Error Handling

Calcit uses try / raise for exception-based error handling. Errors are string values (or tags) propagated up the call stack.

Quick Recipes

  • Catch Errors: try (risky-op) (fn (e) ...)
  • Throw String: raise |something-went-wrong
  • Throw Tag: raise :invalid-input
  • Match Error: if (= e :invalid-input) ...

Basic try / raise

try takes an expression body and a handler function. If the body raises an error, the handler receives the error message as a string:

let
    result $ try
        raise |something-went-wrong
      fn (e)
        str-spaced |caught: e
  println result
  ; => caught: something-went-wrong

Raising from a Function

let
    safe-div $ fn (a b)
      if (= b 0)
        raise |division-by-zero
        / a b
    result $ try
        safe-div 10 0
      fn (e)
        str-spaced |error: e
  println result
  ; => error: division-by-zero

Raising Tags as Error Codes

Tags are a clean way to represent error categories:

let
    validate-age $ fn (n)
      if (< n 0)
        raise :negative-age
        if (> n 150)
          raise :unrealistic-age
          n
    result $ try
        validate-age -5
      fn (e)
        str-spaced |validation-failed: e
  println result
  ; => validation-failed: :negative-age

Silent Success vs Error Paths

When an error is raised, execution jumps to the handler — intermediate values are not returned:

let
    might-fail $ fn (flag)
      if flag (raise |early-exit) 42
    a $ try (might-fail false) $ fn (e) -1
    b $ try (might-fail true) $ fn (e) -1
  println a
  ; => 42
  println b
  ; => -1

Nested try

Inner try handlers can re-raise or recover selectively:

try
    try
        risky-operation
      fn (e)
        if (= e :recoverable)
          default-value
          raise e
  fn (outer-e)
    log-error outer-e
    nil

Using Enums for Typed Results (Preferred Pattern)

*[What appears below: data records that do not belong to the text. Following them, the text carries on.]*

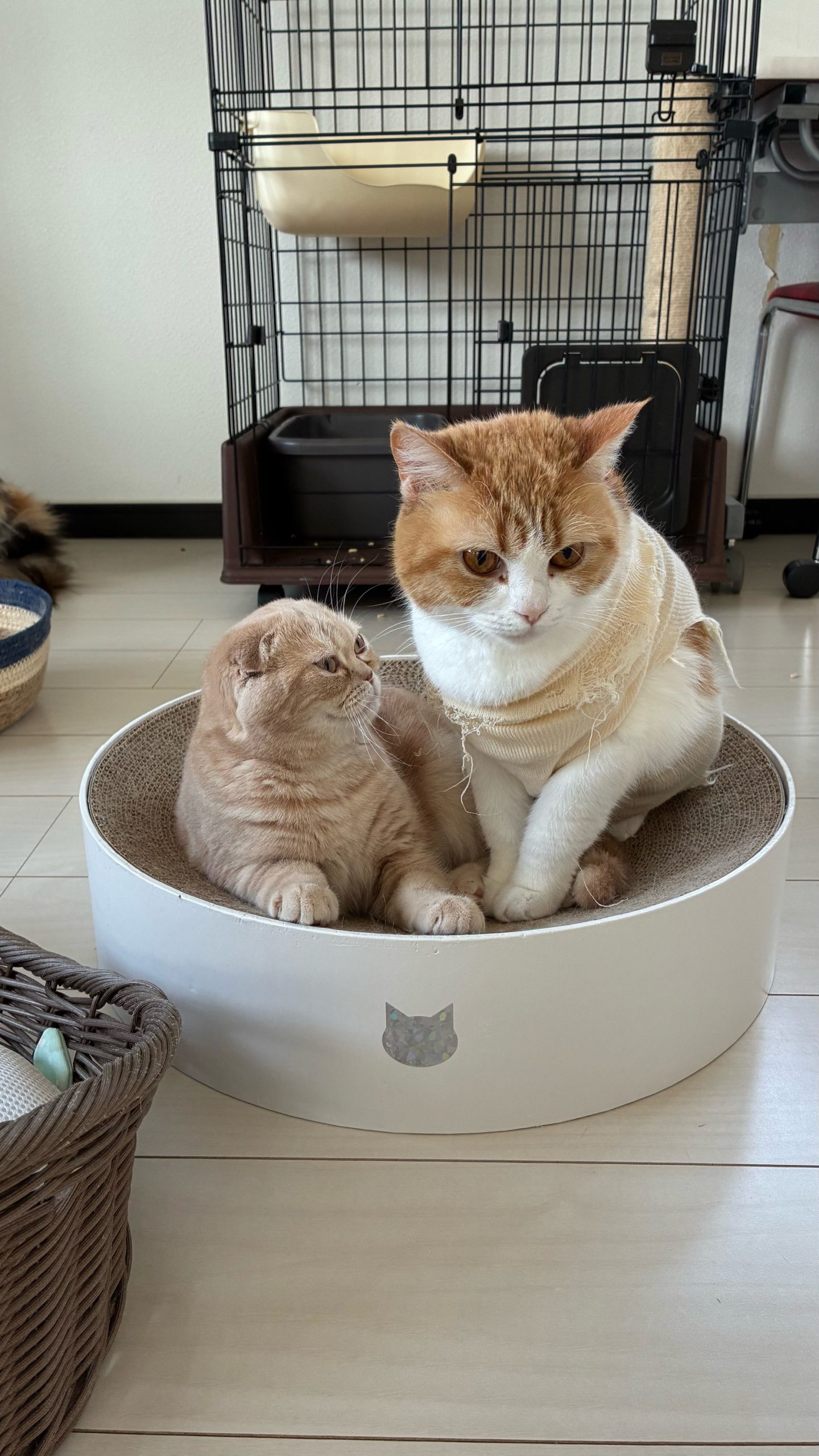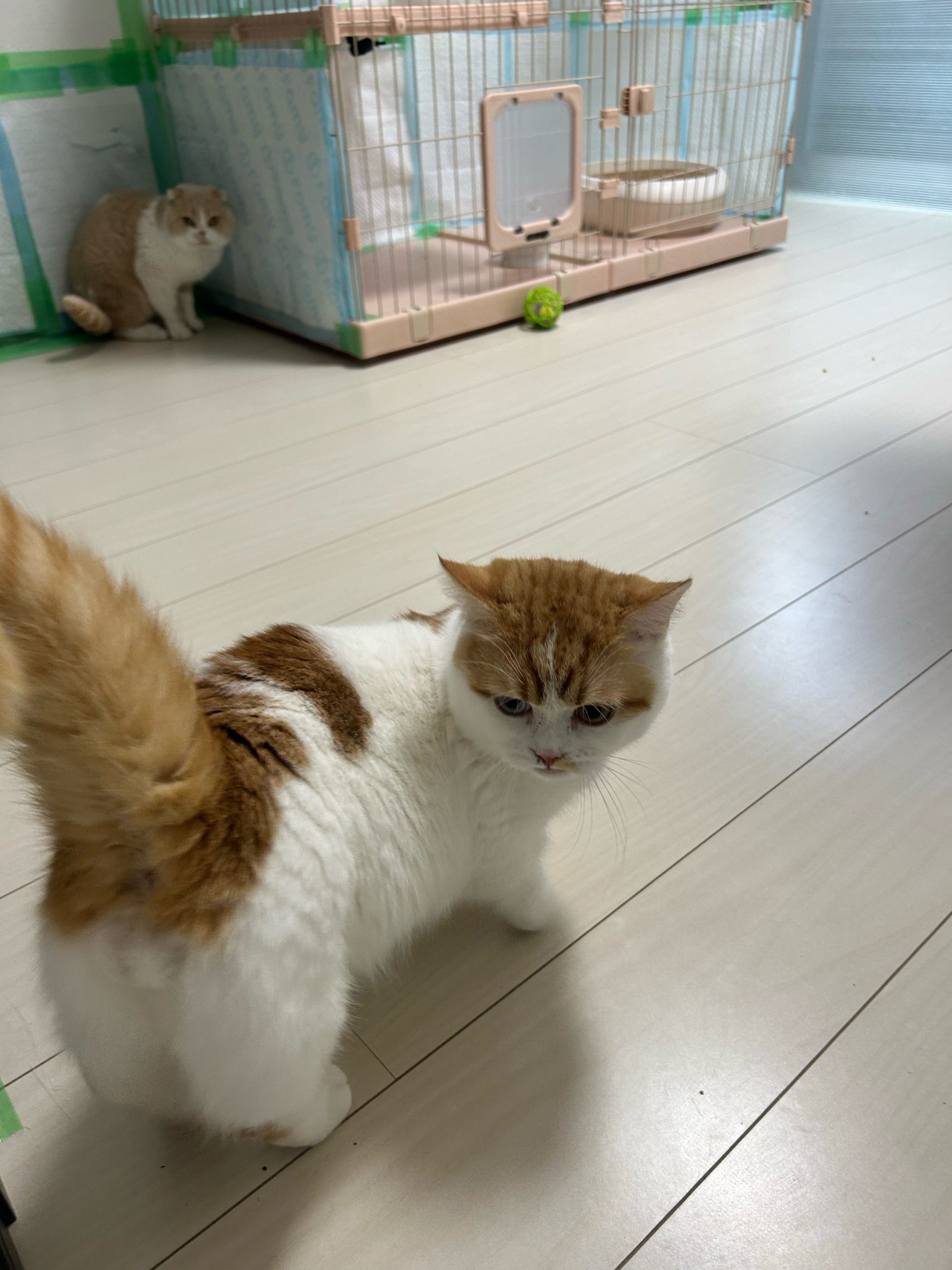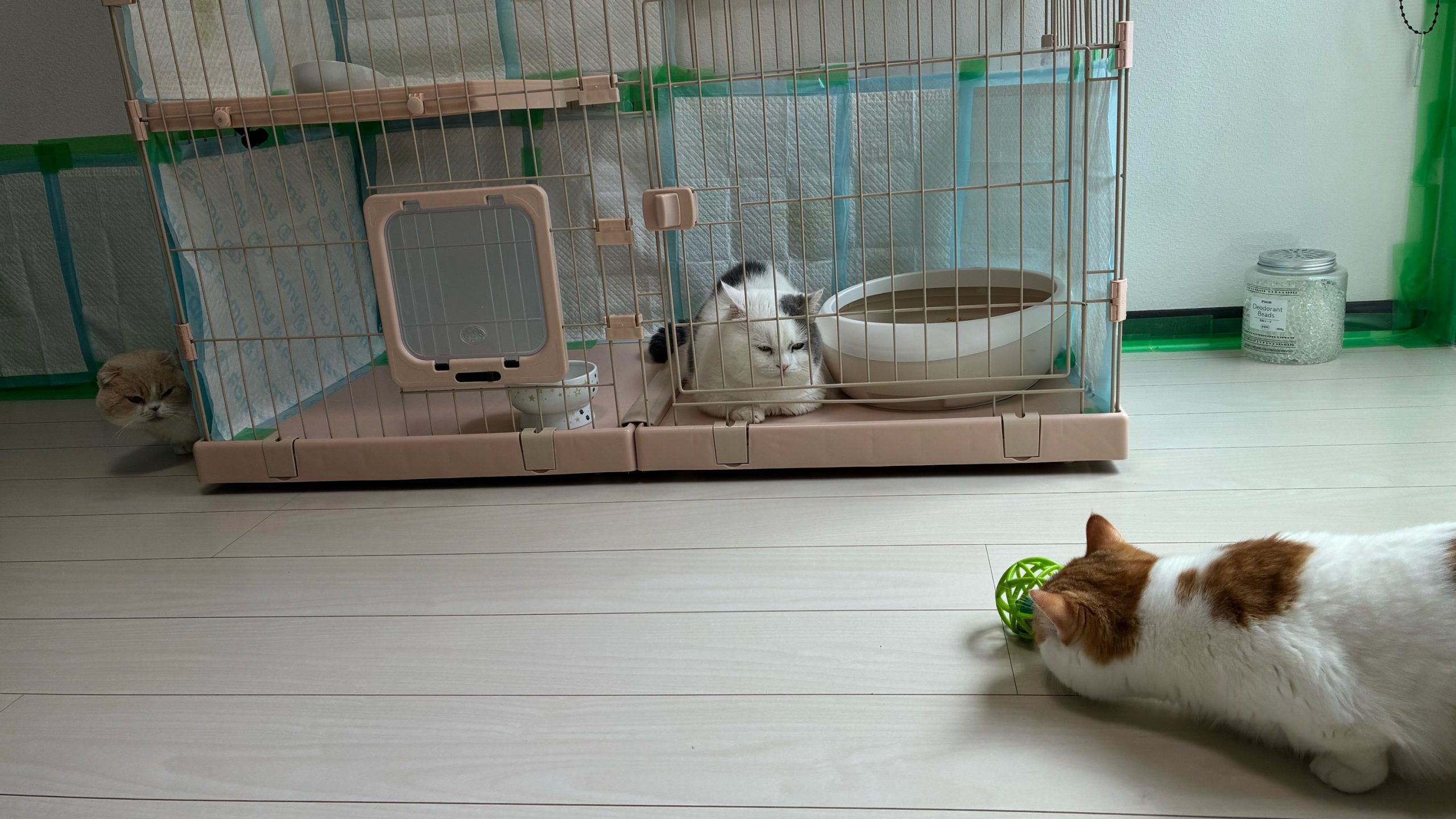 先日、殿・まる間で流血沙汰がありましたので、ケージ外の放牧エリアでまる・ちくわペアでの住み分けとなっております🐈
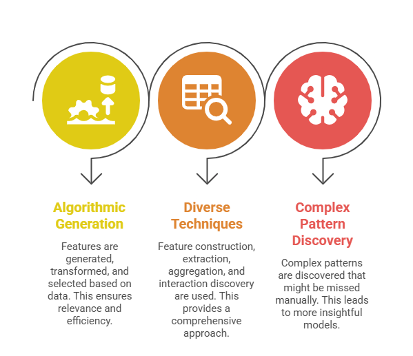 4. Feature Synthesis: Tools like FeatureTools apply relational and temporal data aggregation to synthesize features from multi-table datasets.
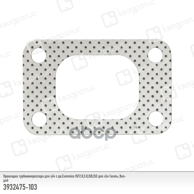 Прокладка турбокомпрессора Г-3302, Г-3310 двс Cummins ISF2,8/3,8 Квадратис 3932475 3932475
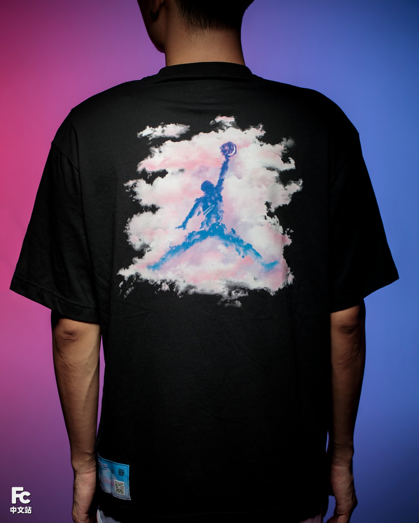 T恤背后晚霞衬托的蓝天 Jumpman Logo,细看手上篮球幻化成月光,胸前还有飞机穿过。
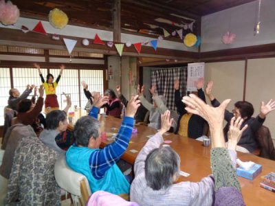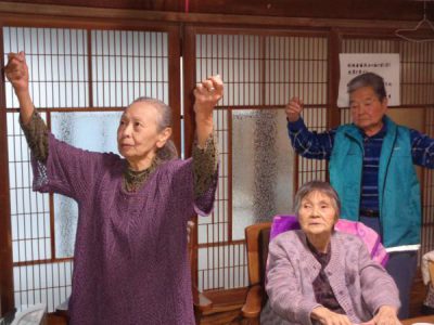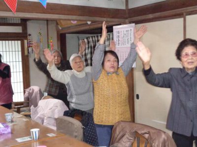 歌謡体操では、TV画面を見ながらしっかりと身体を動かしました
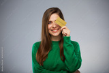 Young woman in green clothes holding credit card. Isolated advertising portrait.
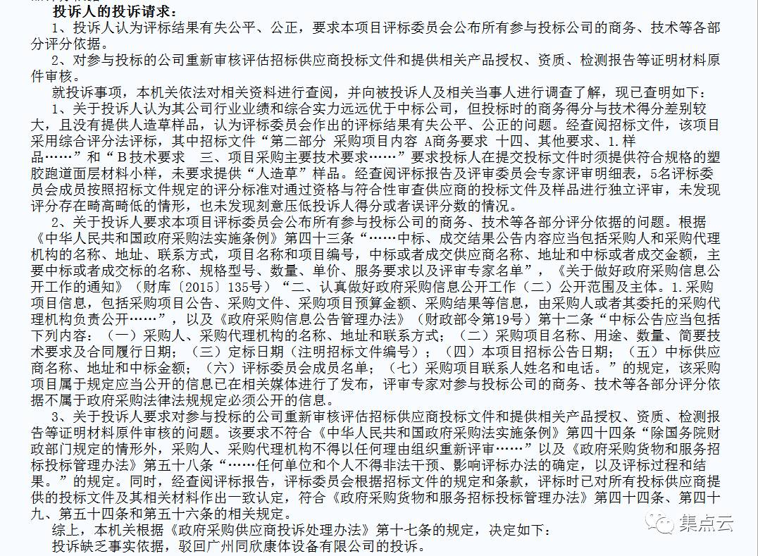 投诉缺乏事实依据,驳回广州同欣康体设备有限公司的投诉。
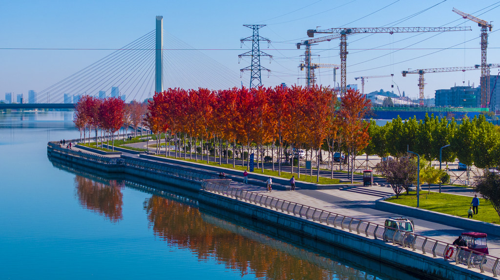色彩斑斓的石家庄太平河畔。
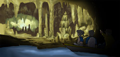 おねえさん「ほんとね。外の海も綺麗だけど、こっちはこっちで綺麗ね〜。あ、船着場に着いたみたい。ここからは歩いて洞窟の奥に進めるのね」
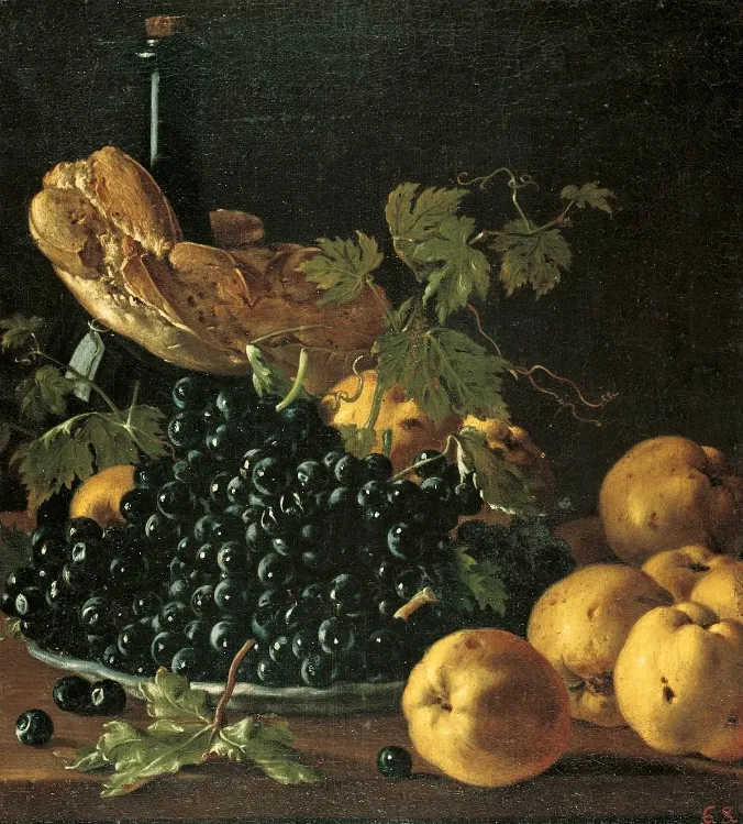 Картина Натюрморт с хлебом, яблоками, виноградом и бутылкой Мелендес Луис
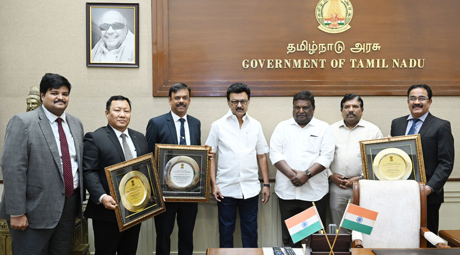 தமிழ்நாடு முதல்வர் மு.க. ஸ்டாலினிடம் நேற்று (17.11.2025) தலைமைச் செயலகத்தில், ஹரியானாவில் நடைபெற்ற 2025-ம் ஆண்டிற்கான 18-வது அர்பன் மொபிலிட்டி இந்தியா மாநாட்டில் தேசிய அளவில் கலந்து கொண்ட 17 பெருநகரங்களில் நாட்டிலேயே சிறந்த பொதுப் போக்குவரத்து அமைப்பு கொண்ட நகரமாக சென்னை மாநகர் போக்குவரத்து கழகம் தேர்ந்தெடுக்கப்பட்டதற்கான விருது, சிறந்த பல்முனை போக்குவரத்து ஒருங்கிணைப்புடன் கூடிய மெட்ரோ ரயில் என்ற பிரிவின் கீழ், நகர்ப்புற போக்குவரத்தில் சிறந்து விளங்குவதற்கான விருது மற்றும் சிறந்த பயணிகள் சேவை மற்றும் திருப்தி அளிக்கும் மெட்ரோ இரயில் என்ற பிரிவின் கீழ் நகர்ப்புற போக்குவரத்துக்கான பாராட்டுச் சான்றிதழ் ஆகிய விருதுகளை போக்குவரத்து மற்றும் மின்சாரத்துறை அமைச்சர் சி. சிவசங்கர், சிறப்பு முயற்சிகள் துறை கூடுதல் தலைமைச் செயலாளர் டாக்டர் கே. கோபால், சென்னை மெட்ரோ இரயில் நிறுவனத்தின் மேலாண்மை இயக்குநர் எம்.ஏ. சித்திக், போக்குவரத்துத் துறை முதன்மைச் செயலாளர் சுன்சோங்கம் ஜடக் சிரு, சென்னை-மாநகர் போக்குவரத்துக் கழகத்தின் மேலாண்மை இயக்குநர் த. பிரபுசங்கர் ஆகியோர் காண்பித்து வாழ்த்து பெற்றனர்.
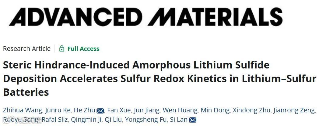 空间位阻诱导的非晶化Li2S沉积加速Li-S电池中的硫氧化还原动力学
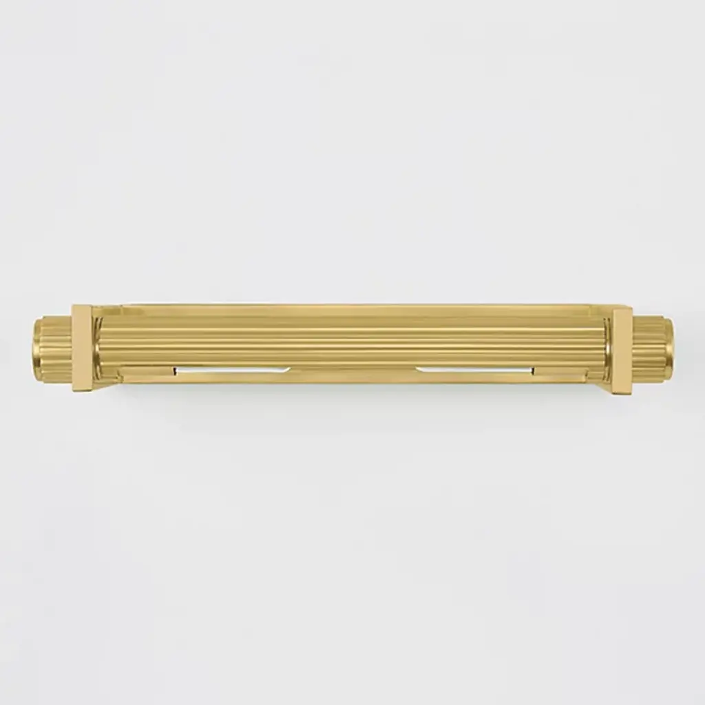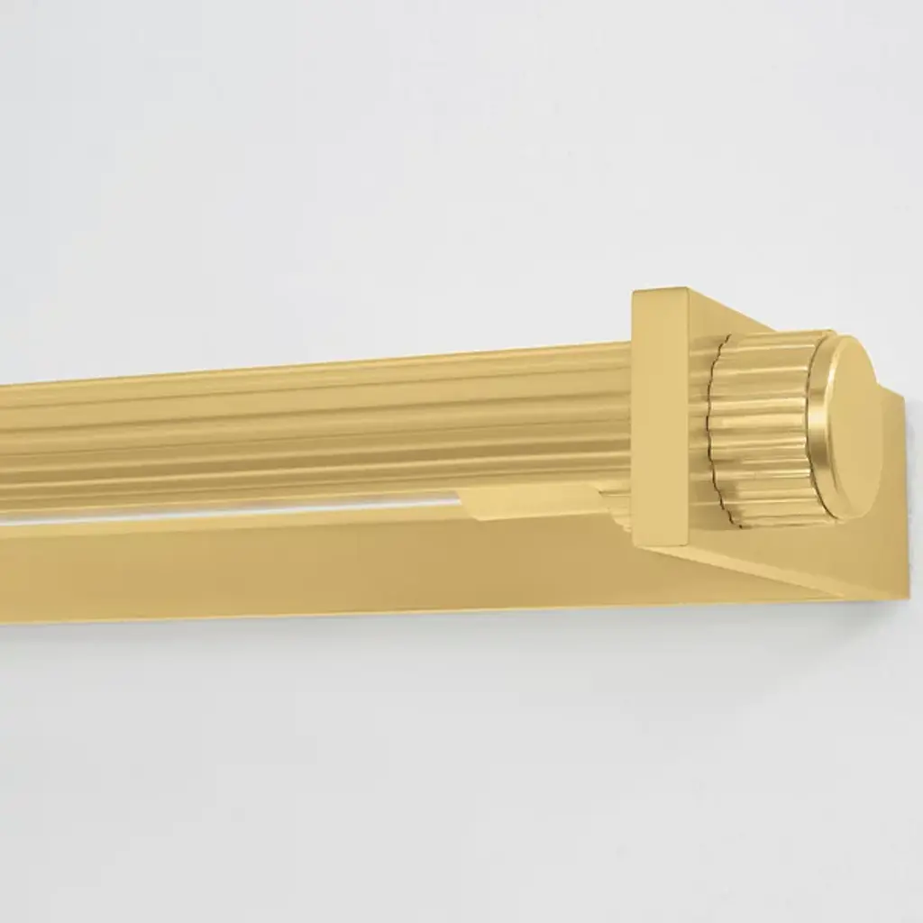 The Judd Picture Light from Hudson Valley Lighting channels 1960s Italian minimalism through its allover fluted bar design. The round metal frame features continuous ribbing that runs the entire length, giving this picture light texture without overwhelming the artwork it illuminates. Rather than competing with your wall pieces, this fixture serves as an understated companion that adds just enough industrial character to catch the eye between glances at your collection. The rectangular backplate keeps mounting simple, while the fluted detailing brings both antique charm and mechanical precision to gallery walls, hallways, or anywhere you display cherished pieces.
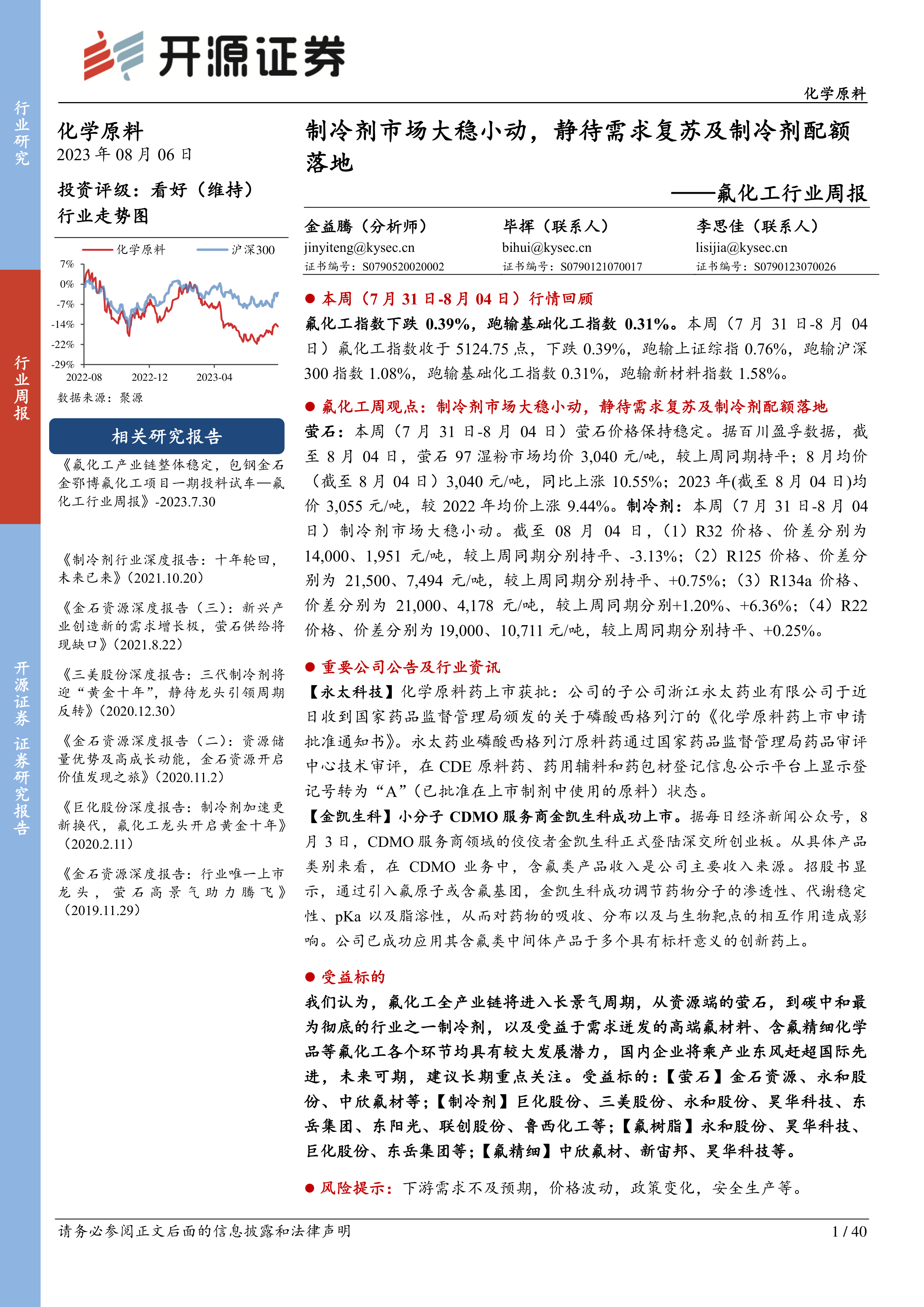 本报告的核心观点是氟化工行业整体市场表现大稳小动,静待需求复苏和制冷剂配额落地。具体而言:

Instead of exceptions, idiom Calcit code often uses a Result enum to represent success/failure without throwing:

let
    AppResult $ defenum AppResult (:ok :number) (:err :string)
    safe-compute $ fn (x)
      if (> x 0)
        %:: AppResult :ok (* x 10)
        %:: AppResult :err |negative-input
    handle $ fn (r)
      tag-match r
        (:ok v)
          str-spaced |result: v
        (:err msg)
          str-spaced |failed: msg
  println $ handle (safe-compute 5)
  ; => result: 50
  println $ handle (safe-compute -1)
  ; => failed: negative-input

This pattern avoids exceptions entirely and keeps error handling explicit in the type system.

Assertions

assert and assert= raise errors during preprocessing/testing:

; assert a condition is true
assert (> x 0) |expected-positive

; assert two values are equal
assert= (+ 1 2) 3

assert-type checks type at preprocessing time:

; assert x is a number before using it
assert-type x :number

Notes

  • raise accepts any value that can be converted to a string. String literals and tags work best.
  • Raising maps or complex data structures may produce unexpected results — use the Result enum pattern for structured error data.
  • try always produces a value: either the result of the body, or the result of the handler.
  • assert / assert= are for development-time invariants. They generate warnings (not runtime errors) during static analysis.